# Next software upgrade for the 921?



## Tom Foolery (Jan 29, 2004)

Does anyone know when we’ll get the next software rev for the 921?


----------



## Slordak (Dec 17, 2003)

That's a reasonably nice feature for folks who have problems with OTA reception, but what about the more important issues, namely all of the bugs? There are still a large number of pretty major bugs in key areas such as:

A) Aspect ratio control and stretching/zooming.
B) Receiver lock-ups and stability.
C) OTA recording and timers.
D) OTA channel setup, editing, and PSIP handling.


----------



## metallicafreak (Jan 20, 2004)

Scott, does that beta you are talking about have dishwire activation?
FREAK!


----------



## Allen Noland (Apr 23, 2002)

Anyone else notice that there is a message missing here? Looks like the admins at this site are censoring. Kind of a neat feature this software has. The censored user see's his posts, but no one else can. I noticed the same thing happening to Bob Haler for a while. 

Does anyone remember the reason we visit these public forums? I come here for information, speculation, rumors, and inside info (oh and complaining). The inside info appears not to be welcome here anymore.

So Slordak, if you remember what the poster you responded to said you might repost the details.


----------



## metallicafreak (Jan 20, 2004)

Allen, 
I believe 2 posts are missing. I only saw one in which some beta software info was described. If it was truely the poster I thought it was, then he is a beta tester and should not ahve posted it. 
Oh well...it's not illegal just against the beta testing agreement.
FREAK!


----------



## Mark Lamutt (Mar 24, 2002)

No dishwire yet, Freak. And the next version of the software isn't in beta yet.


----------



## Mike Richardson (Jun 12, 2003)

Scott was censored. I believe this may be in retaliation for the hack on the DBS Talk store.

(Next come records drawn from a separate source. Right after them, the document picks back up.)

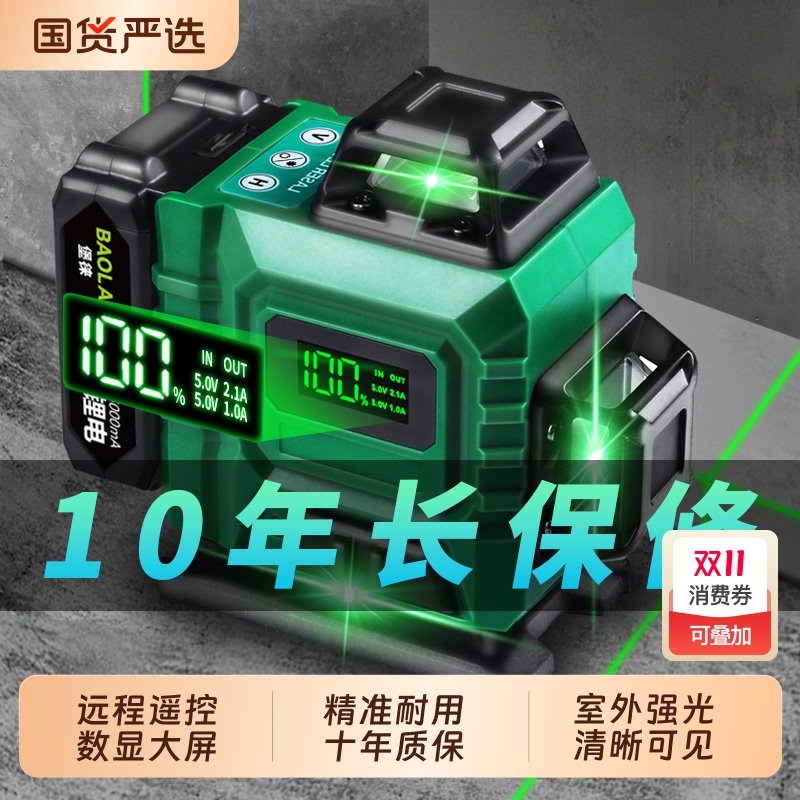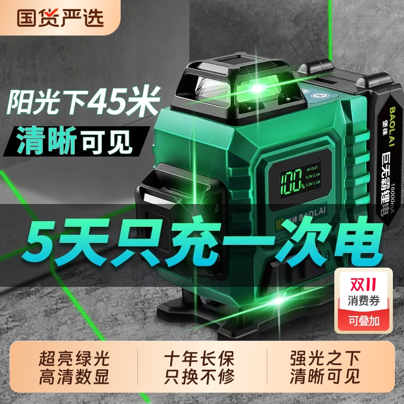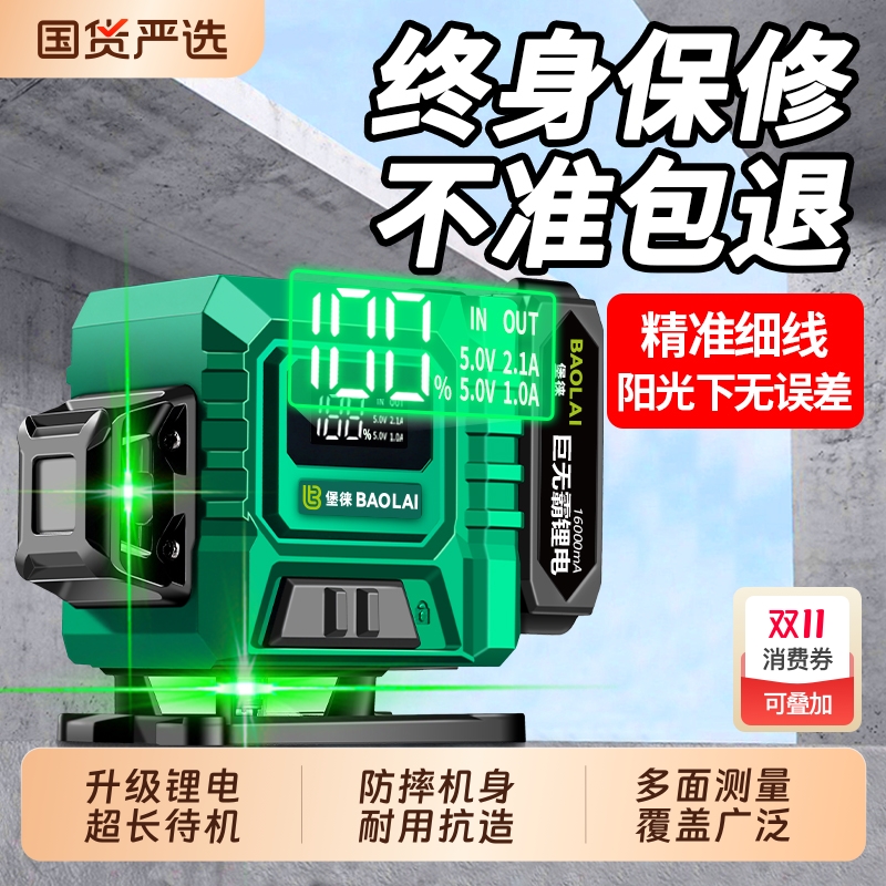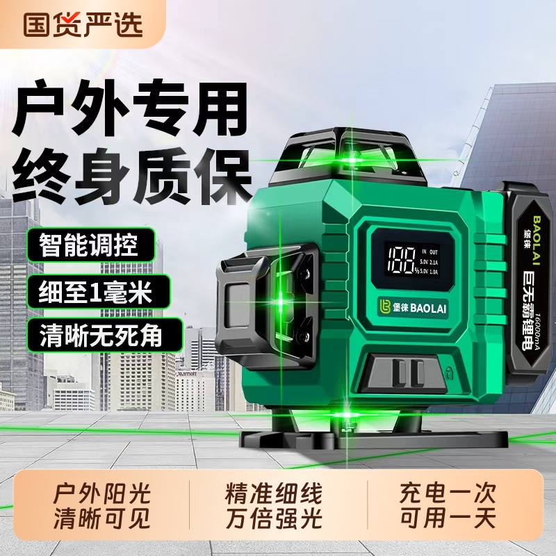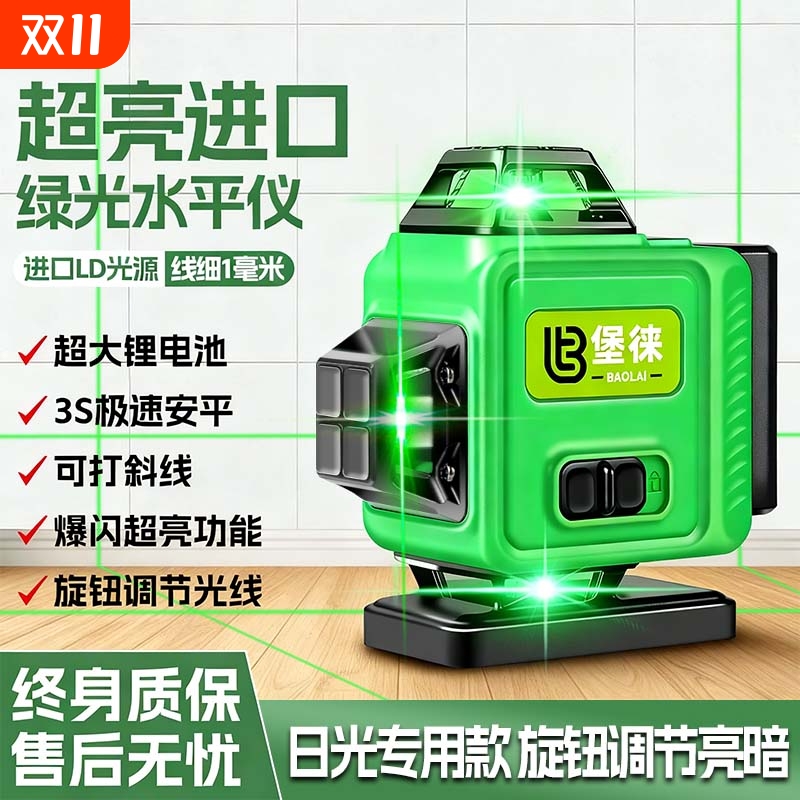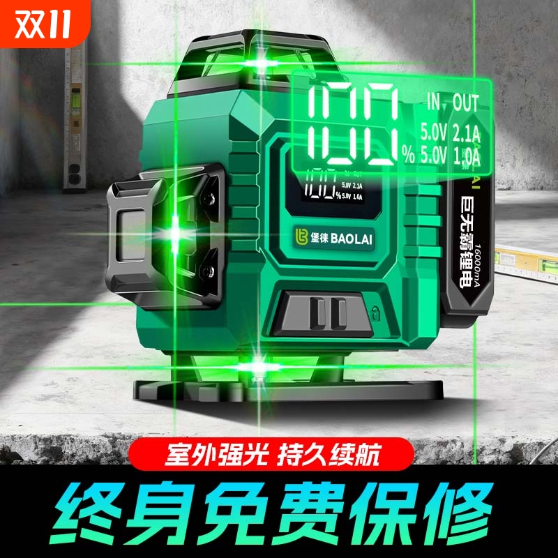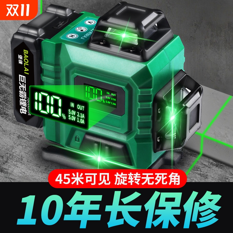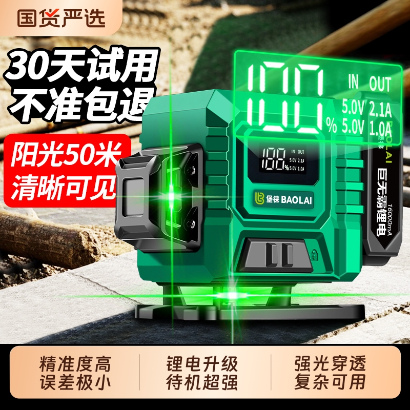堡徕12线绿光水平仪贴墙贴地高精度强光细线红外线激光投线仪绿光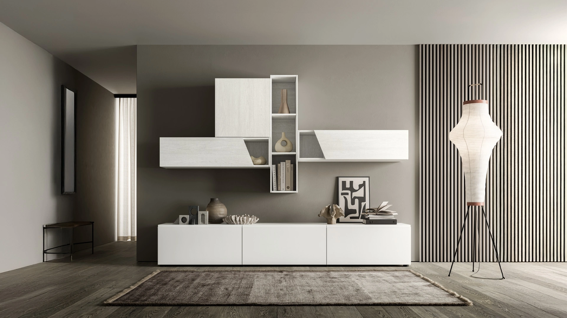 SantaLucia propone innovativi modelli di mobili soggiorno, diversi per stile e forme, finiture e componenti: scopri in negozio l'Arredamento Casa dei migliori brand. I mobili soggiorno in melaminico dalle linee moderne come il modello nell'immagine sono veramente eclettici e capaci di arredare il soggiorno usufruendo al meglio di ogni angolo. Lasciati affascinare da un ricco catalogo di arredi per la zona giorno e troverai la parete attrezzata che fa per te. Dato che il living deve essere uno spazio ben organizzato e bello a vedersi, sono necessari alcuni arredi belli e pratici come le Pareti Attrezzate.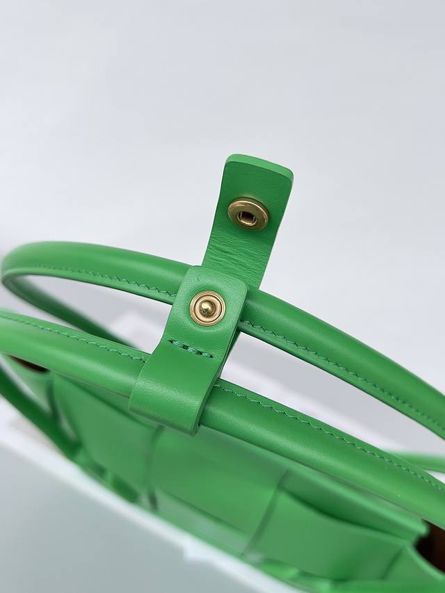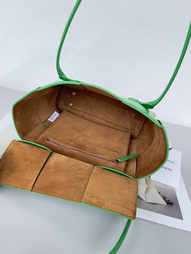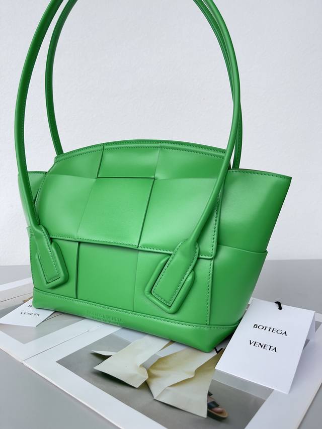 Top-of-the-line: Arco 33 Woven DDD. Made of natural, high-quality calfskin, featuring a wide woven design, an arched top trim, and taut handles, creating a unique and high-end look. DDD Dimensions: 38 x 33 x 6 cm. DDD Style Number: 70013. DDD Color: Parrot Green. DDD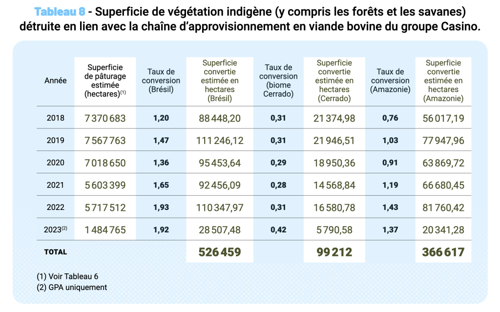 Les estimations des destructions d’écosystèmes – forêts, savanes et autres types de végétation – résultant des approvisionnements en viande bovine du groupe Casino entre 2018 et 2023 sont résumées dans le tableau ci-dessous. Il distingue ces destructions selon différents biomes, et est disponible en page 28 du rapport réalisé par l’Instituto Centro de Vida.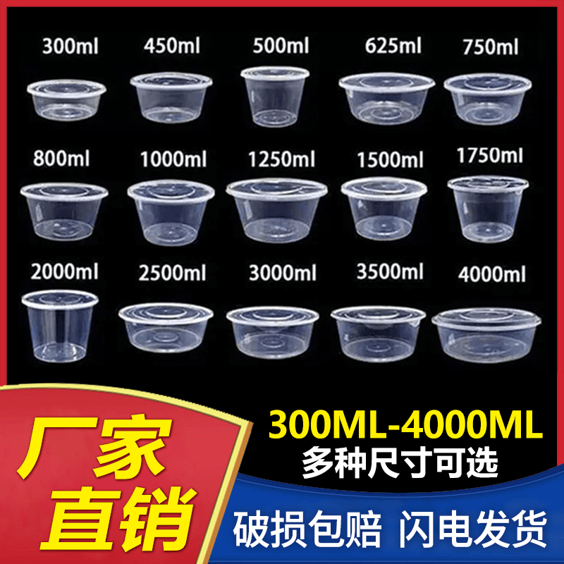 一次性打包盒塑料碗外卖饭盒圆形家用快餐餐盒透明加厚一次性餐碗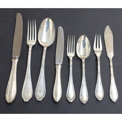 Parte di servizio di posate in argento composto da : ventitre coltelli, ventiquattro forchette e dodici cucchiai grandi, undici coltelli, dodici forchette e undici cucchiai, dodici coltelli e dodici forchette da dolce (gr 4500 senza coltelli) (difetti)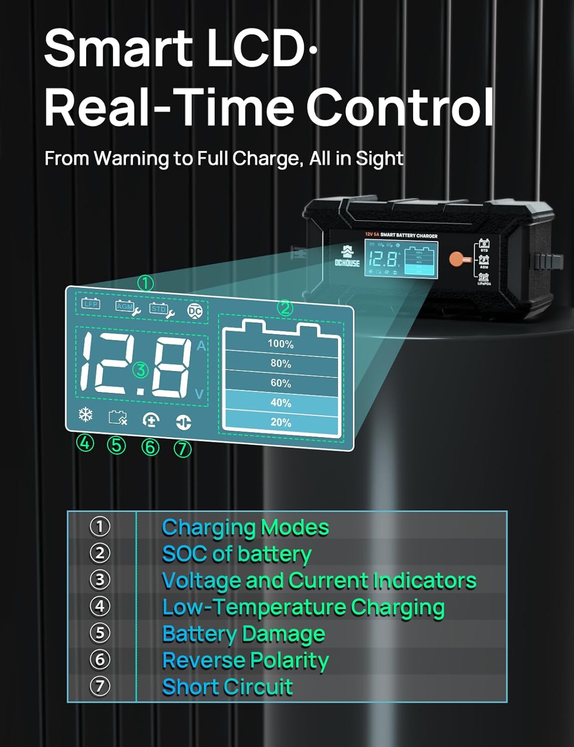 - Smart & Safe Charging: 5-stage intelligent charging in DC HOUSE battery charger with smart current control, plus multiple protection (overload/short-circuit/reverse polarity) and low-voltage alerts for battery safety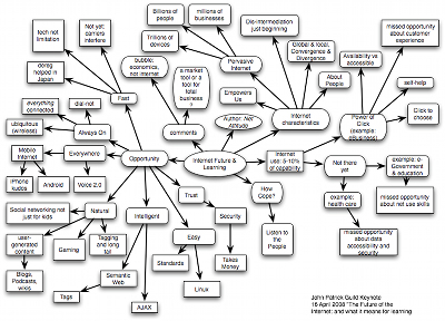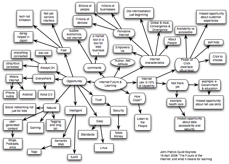 On April 16th, I gave a keynote at the eLearning Guild AG08 Annual Gathering where I talked about the future of the internet and implications for learning. Below is a video clip [6:31] of the address, and a mindmap of the presentation created by Clark Quinn who attended the keynote – click the image to see a larger version.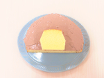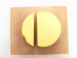 スポンジケーキ(2枚スライス済)の間に①のシロップを塗り、1/3の部分でカットします。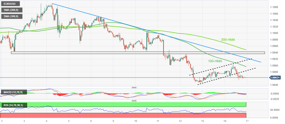 - 欧元/美元跌破相邻的看涨通道后,继续测试月缐低位。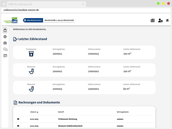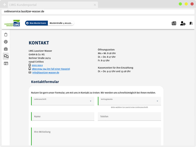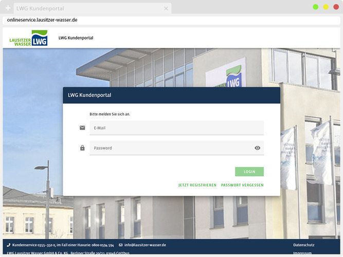 Mit dem neuen Kundenportal können alle Kunden der LWG Lausitzer Wassergesellschaft mbH ihre persönlichen Daten ganz einfach und bequem von zu Hause aus verwalten. Mit dem neuen Onlineservice behalten die Kunden den Überblick über ihre Vertrags- und Verbrauchsdaten und können verschiedene Anliegen direkt online erledigen: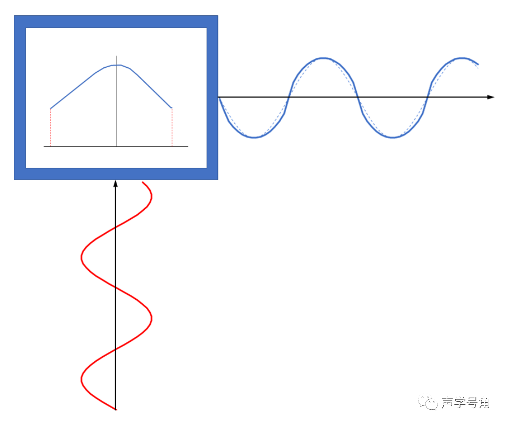 上图左上角表示Cms(x),红色曲线表示激励的电流或电压信号。右上角的蓝色实线表示实际时域位移曲线,蓝色虚线表示理想的位移曲线,当然实际的位移幅值应该也会所有压缩。实线和虚线的差异就会造成失真。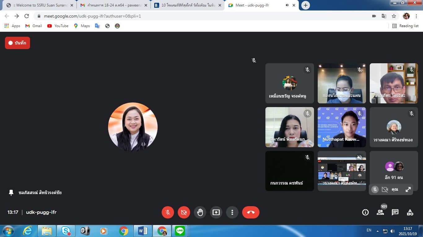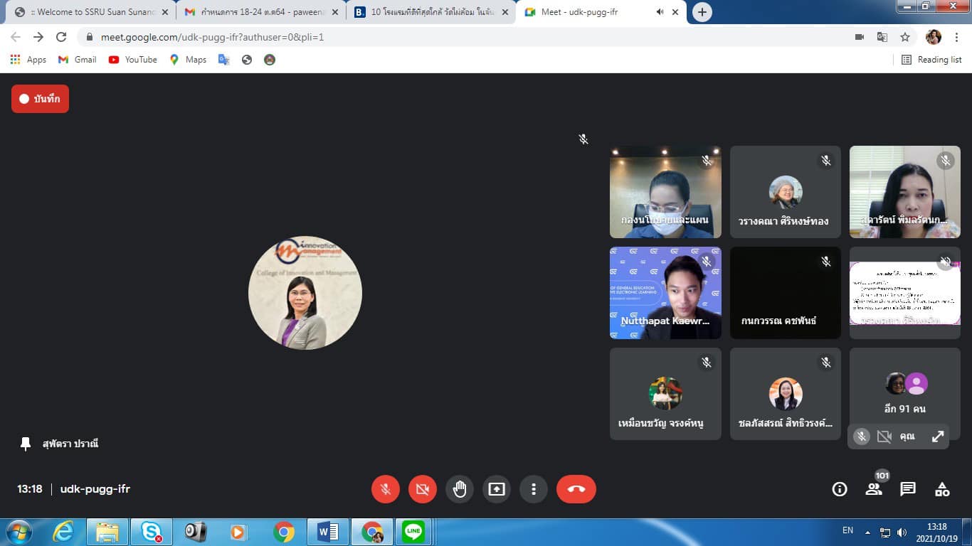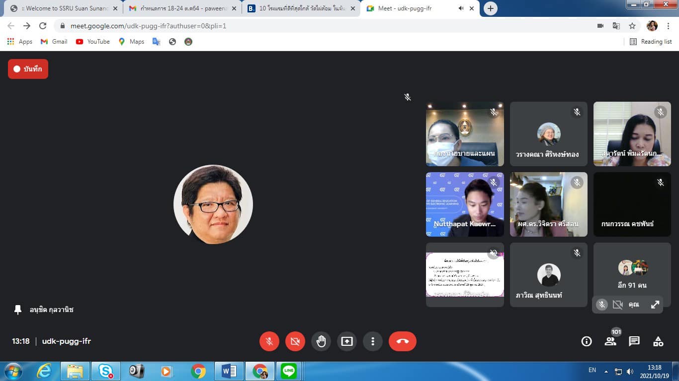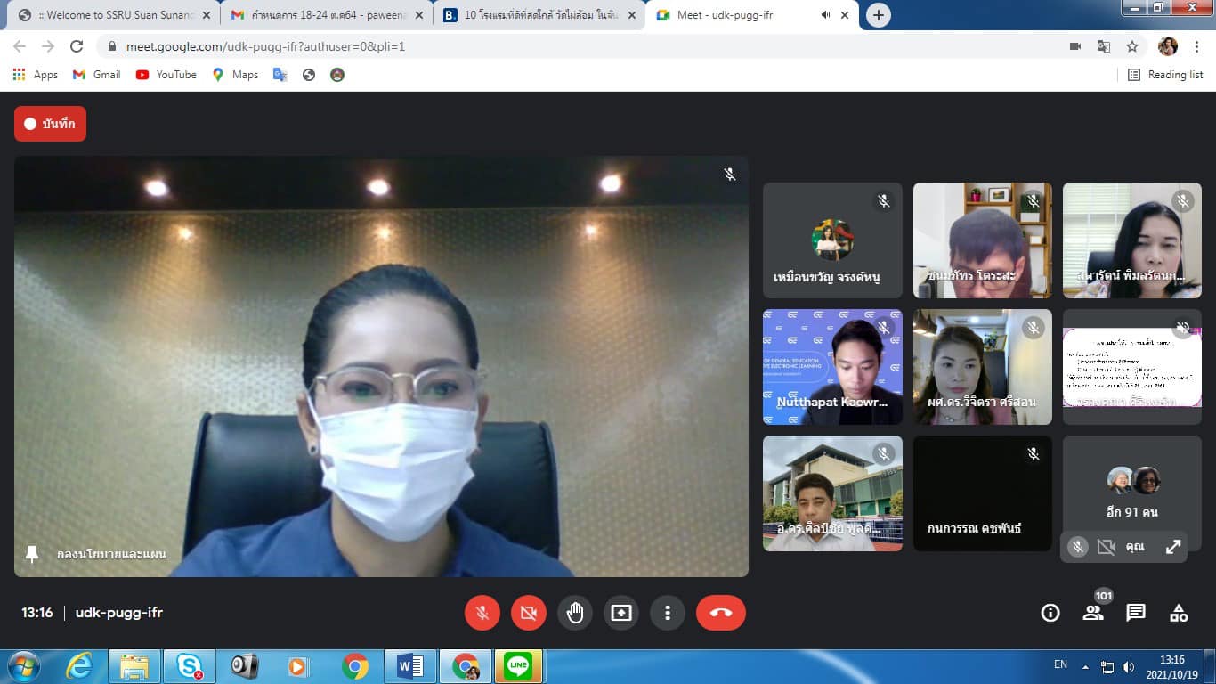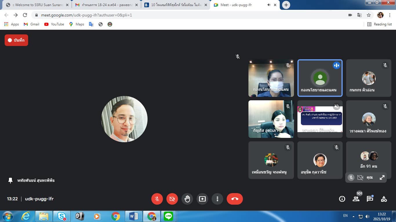 Tuesday, October 19, 2021 Assoc.Prof.Dr.Bundit Pungnirund, Dean of the College of Innovation and Management Suan Sunandha Rajabhat University along with Deputy Dean join the meeting To create an understanding of the transfer of indicators at the university level to the departments Fiscal Year 2022 with Assoc.Prof.Dr.Chutikarn Sriviboon, President of the University Chaired the meeting at the Council Meeting Room, Building 31 and via the online system Google Meet.

PLEASE TRY TO REMEMBER, that unless Scott admitted it, then it is possible someone else may have hacked the DBS Talk store and made it look like that Scott did it.


----------



## Slordak (Dec 17, 2003)

If this is allowed information...

The original post was discussing re-mapping satellite locals as their OTA local numbers (or even to arbitrary user defined numbers in this range), much as existing older Dish Network receivers do. To which my comment was that yes, I could see how that would be helpful to folks who aren't using an antenna, but I felt there were more important issues that needed to be addressed first.


----------



## moooog (May 10, 2002)

Does anyone know if the delay on the firewire activation was to do with technical issues, or is Dish worried about it's legality - and waiting for some sort of OK from the MPA (which I'm sure would never be forthcoming)? I hope the feature wasn't just a lure, sort of a bait and switch. I of course heard like everyone that it would "be activated by a later software download" - as if that would be a definite occurrence, but it doesn't make sense to me. It seems like the feature would work right out of the box - unless they were waiting for some sort of legal permission to activate it, and that might be an indefinite wait if that is the case. I have no information, it just all sounds a bit disappointing to me.


----------



## Mark Lamutt (Mar 24, 2002)

I don't know this absolutely, but I don't believe the delay in dishwire implementation is either case you mention moooog. I think it's because there are higher priorty items to get into the code first. Rumor has it that the code is already there, but I haven't gotton any confirmation of that from the programmers.


----------